How to complete this task -
None of the images should appear in your copy. Transcribe the data in full.

Data section -

━━━━━━━━━━━━━━━━

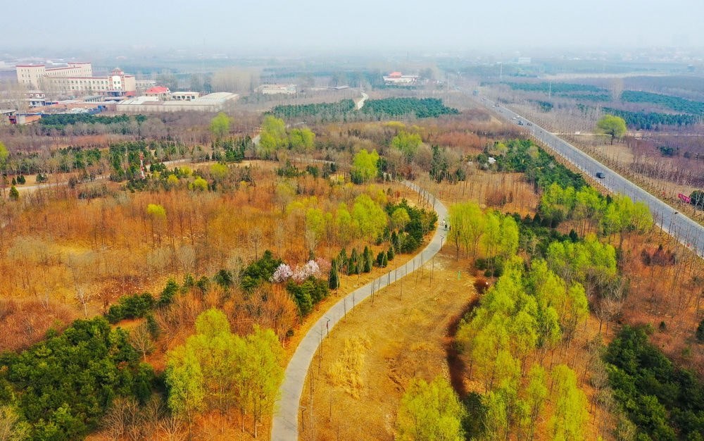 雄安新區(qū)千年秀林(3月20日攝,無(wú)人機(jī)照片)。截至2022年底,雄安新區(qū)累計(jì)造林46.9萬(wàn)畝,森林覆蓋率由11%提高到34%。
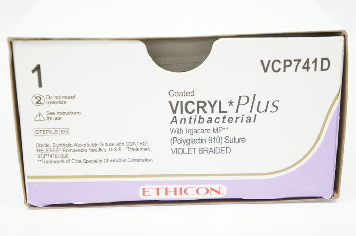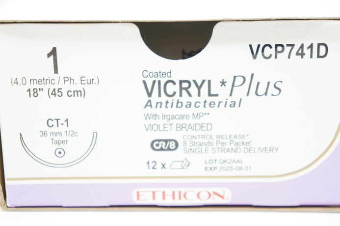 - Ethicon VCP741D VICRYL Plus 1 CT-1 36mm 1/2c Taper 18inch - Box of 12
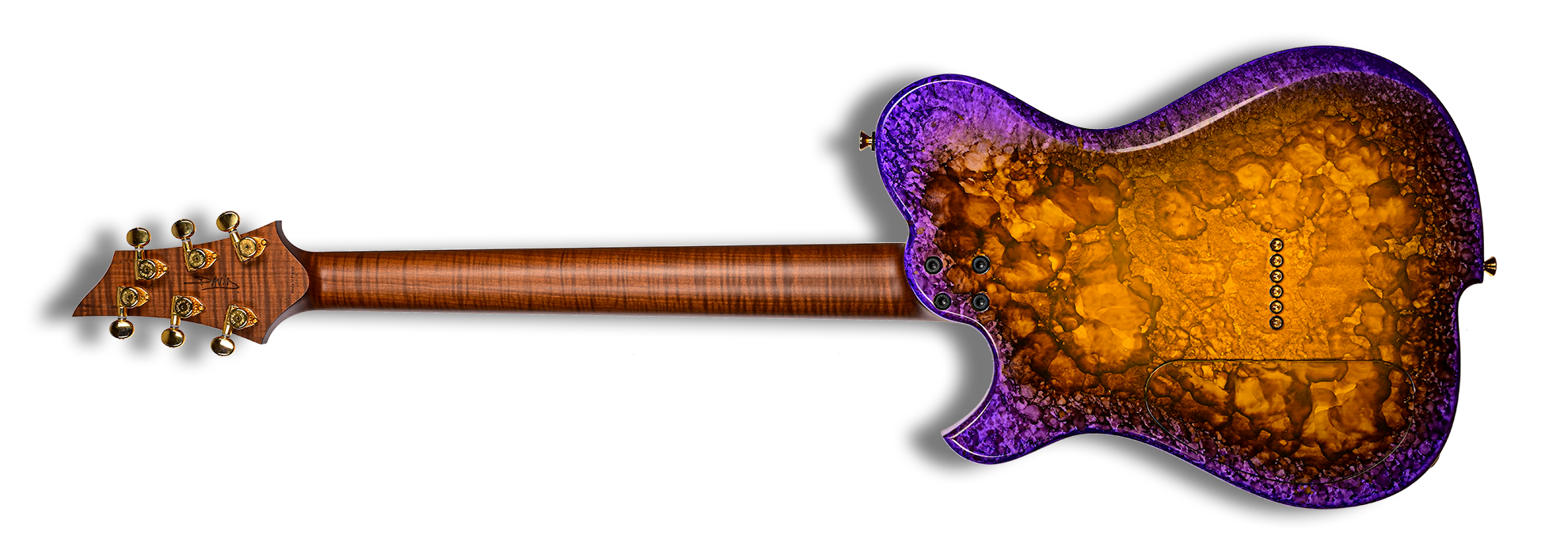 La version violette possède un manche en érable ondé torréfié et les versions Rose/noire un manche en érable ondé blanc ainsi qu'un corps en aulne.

━━━━━━━━━━━━━━━━

Solved problem -
 雄安新區(qū)千年秀林(3月20日攝,無(wú)人機(jī)照片)。截至2022年底,雄安新區(qū)累計(jì)造林46.9萬(wàn)畝,森林覆蓋率由11%提高到34%。
 - Ethicon VCP741D VICRYL Plus 1 CT-1 36mm 1/2c Taper 18inch - Box of 12
 La version violette possède un manche en érable ondé torréfié et les versions Rose/noire un manche en érable ondé blanc ainsi qu'un corps en aulne.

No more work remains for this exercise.